Ristabilire i confini richiede perciò “una maggiore connessione fra rischio e responsabilità”, perché “se lo stato si accolla una significativa quota di perdite in caso di default di una banca, le banche sono incoraggiate a prendere su di sé più rischi”. Il caro vecchio moral hazard.
Come se ne esce? “La mia opinione – dice – è che la soluzione debba essere trovata nel restituire allo stato il compito di disegnare le regole nelle quali il settore privato opera. Questo significa tornare al ruolo dei padri fondatori dell’economia sociale di mercato”. Ecco l’ordoliberalismo, la teoria fondativa della Bundesbank, potremmo dire.
Come si vede, in campo c’è una specie di rivoluzione culturale, che poi è insieme un salto nel passato e nel futuro. E nel futuro immaginato da Dombret c’è spazio per ciò che prima non sembrava possibile: ossia che le banche possano fallire senza che ciò comporti, se non in ultima istanza, il ricorso ai soldi pubblici.
Ciò richiede credibilità. Deve esistere, quindi, un modo per minimizzare i costi del salvataggi, da una parte, e deve esistere un sistema di norme che regoli i fallimenti.
Il primo punto, spiega Dombret, si può ottenere con la regolazione. Quindi le norme di Basilea III che, innalzando i requisiti di capitale per le banche, le rende automaticamente meno profittevoli, e quindi meno esposte al rischio. Il capitale costa di più di un bond subordinato, e quindi produce meno profitto, si potrebbe dire.

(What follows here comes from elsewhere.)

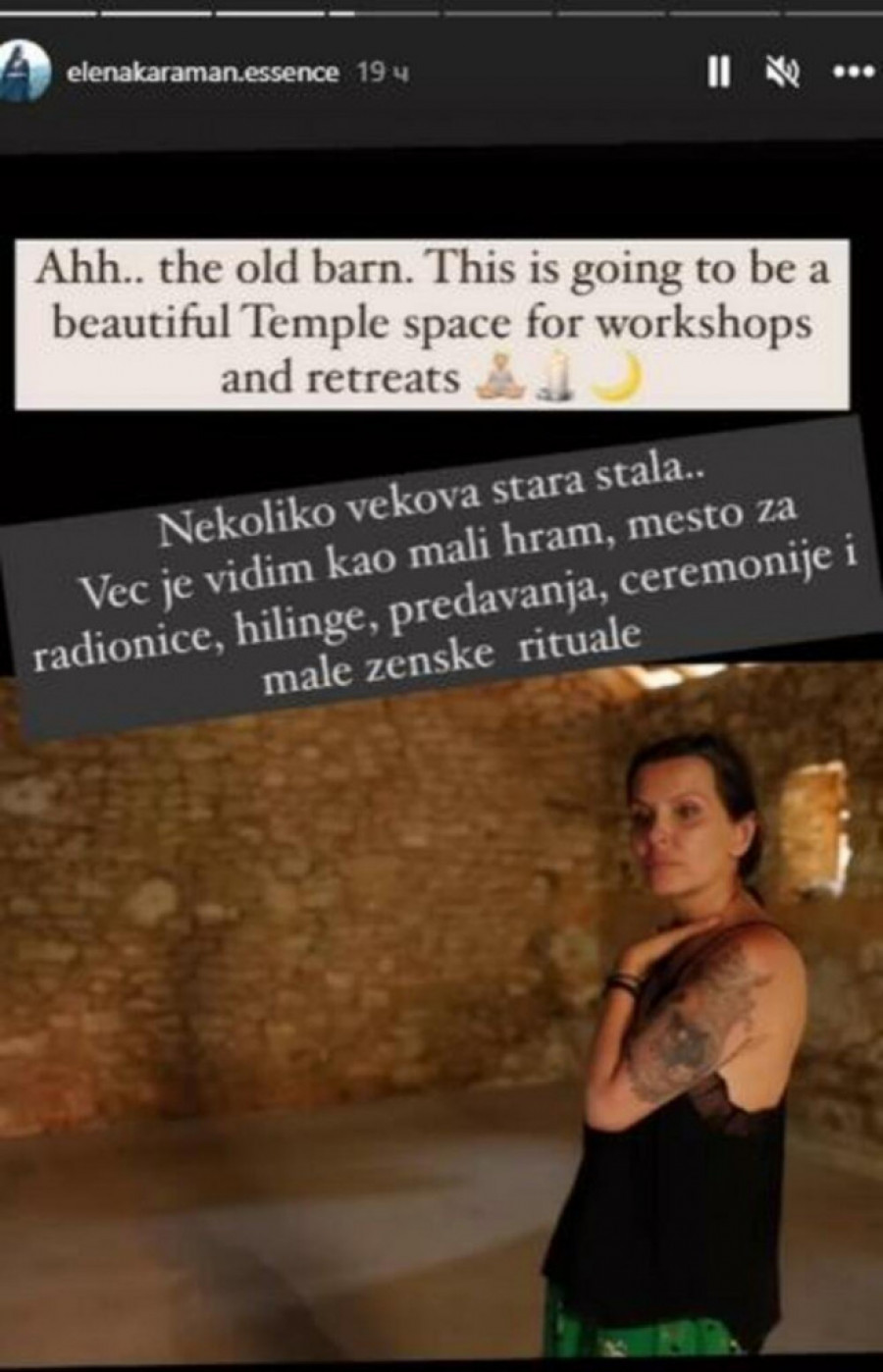- Nekoliko vekova stara štala. Već je vidim kao mali hram, mesto za radionice, hilinge, predavanja, ceremonije i male ženske rituale - otkrila je Elena.
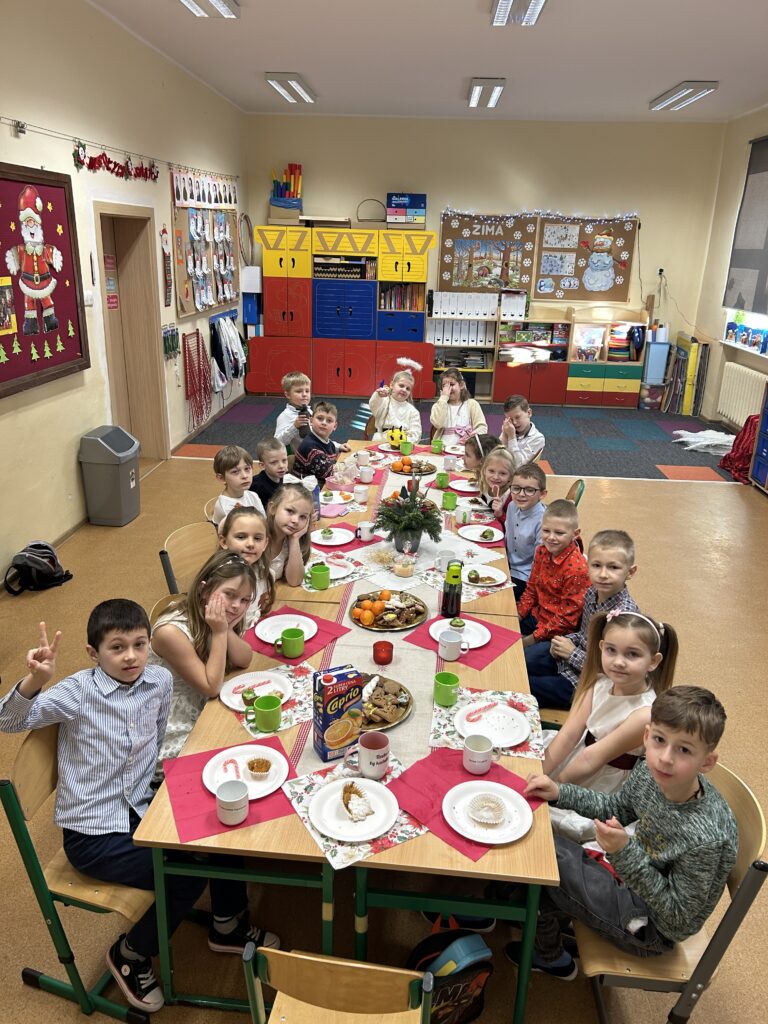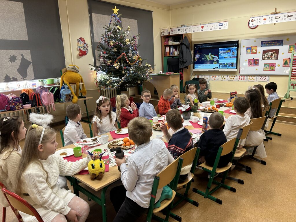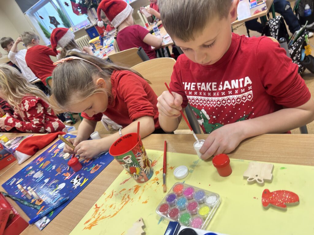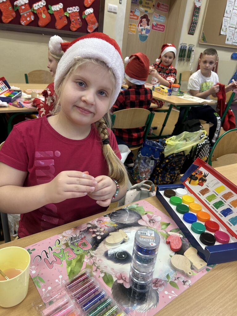 Ten czas jest magiczny i pełen oczekiwania, ale przypomina również o życzliwości wobec innych ludzi i zwierząt. Pierwszoklasiści brali udział w corocznej zbiórce dla schroniska Azorek w Obornikach oraz w akcji Góra grosza. A dla swoich rodzin przygotowali wesołe kartki świąteczne z reniferem. A szkolne wspólne kolędowanie oraz wigilia klasowa jest czasem pozytywnych relacji i wstępem do świąt w domu z bliskimi.

Il secondo punto è l’Unione bancaria. Il meccanismo di risoluzione, unito al fondo di salvataggio, che prima o poi verranno approvati (vedremo come), ma soprattutto il meccanismo di sorveglianza, già operativo e che ha già disegnato con molta chiarezza la visione delle cose della Bce. Per dirla con le parole di Draghi di qualche settimana fa: le banche devono poter fallire, se vogliamo restituire credibilità al mercato.
E qui torniamo alla domanda iniziale: chi deve pagare?
Il principio del bail in, nella visione della Bundesbank ma anche della Bce, scarica i costi dei salvataggi prima sugli azionisti, poi sugli obbligazionisti, quindi sui correntisti non assicurati. Quindi un’applicazione su larga scala di questo principio condurrebbe a un sicuro allontamento dei risparmiatori dalle banche, a meno che non siano disposti a correre il rischio di perdere i propri soldi.
E’ un male? Non lo so. So soltanto che spesso la pressione degli azionisti di una banca per avere profitti crescenti è stata una molla potente per incoraggiare il moral hazard, specie per le banche troppo grandi per fallire. Se costoro, che hanno guadagnano quando i tempi erano buoni, saranno chiamati a pagare si verificherebbe una chiara privatizzazione delle perdite.
Il principio del bail out scarica invece i costi dei salvataggi genericamente sul bilancio dello Stato. Socializza le perdite. E, in quanto tale, toglie ossigeno fiscale alla contabilità nazionale. Per salvare una banca, tanto per dire, si può esser costretti a tagliare altri servizi.
Se il problema lo poniamo in questi termini, il sogno della Buba (e della Bce) assume un altro significato.